California sea lions are among the most agile of swimming mammals. Most marine mammals swim with their hind appendages—flippers or flukes, depending on the species—whereas sea lions use their foreflippers for propulsion and maneuvering. The sea lion’s propulsive stroke generates thrust by forming a jet between the flippers and the body and by dragging a starting vortex along the suction side of the flipper. Prior experiments using robotic flippers have shown these mechanisms to be possible, but no flow measurements around live sea lions previously existed with which to compare. In this study, the flow structures around swimming sea lions were observed using an adaptation of particle imaging velocimetry. To accommodate the animals, it was necessary to use bubbles as seed particles and sunlight for illumination. Three trained adult California sea lions were guided to swim through an approximately planar sheet of bubbles in a total of 173 repetitions. The captured videos were used to calculate bubble velocities, which were processed to isolate and inspect the flow velocities caused by the swimming sea lion. The methodology will be discussed, and measured flow velocities will be presented.
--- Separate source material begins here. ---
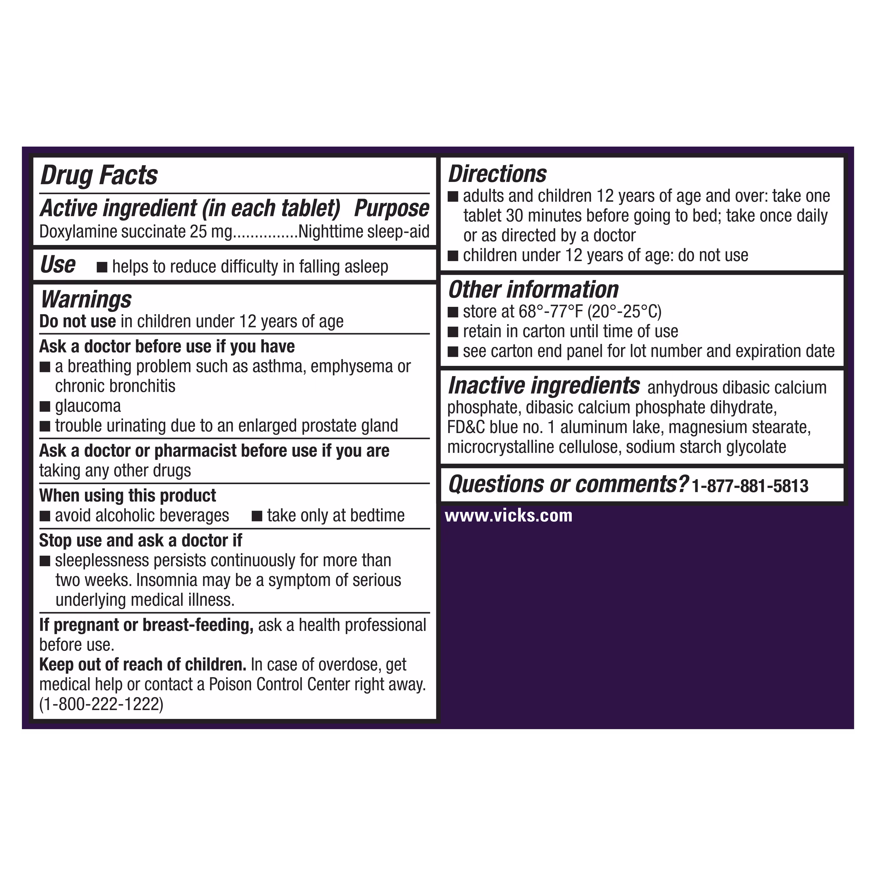 In each tablet: Doxylamine succinate 25 mg (Nighttime sleep-aid)

Neuromechanical wave resonance in jellyfish swimming

For organisms to have robust locomotion, their neuromuscular organization must adapt to constantly changing environments. In jellyfish, swimming robustness emerges when marginal pacemakers fire action potentials throughout the bell's motor nerve net, which signals the musculature to contract. The speed of the muscle activation wave is dictated by the passage times of the action potentials. However, passive elastic material properties also influence the emergent kinematics, with time scales independent of neuromuscular organization. In this multimodal study, we examine the interplay between these two time scales during turning. A three-dimensional computational fluid-structure interaction model of a jellyfish was developed to determine the resulting emergent kinematics, using bidirectional muscular activation waves to actuate the bell rim. Activation wave speeds near the material wave speed yielded successful turns, with a 76-fold difference in turning rate between the best and worst performers. Hyperextension of the margin occurred only at activation wave speeds near the material wave speed, suggesting resonance. This hyperextension resulted in a 34-fold asymmetry in the circulation of the vortex ring between the inside and outside of the turn. Experimental recording of the activation speed confirmed that jellyfish actuate within this range, and flow visualization using particle image velocimetry validated the corresponding fluid dynamics of the numerical model. This suggests that neuromechanical wave resonance plays an important role in the robustness of an organism's locomotory system and presents an undiscovered constraint on the evolution of flexible organisms. Understanding these dynamics is essential for developing actuators in soft body robotics and bioengineered pumps.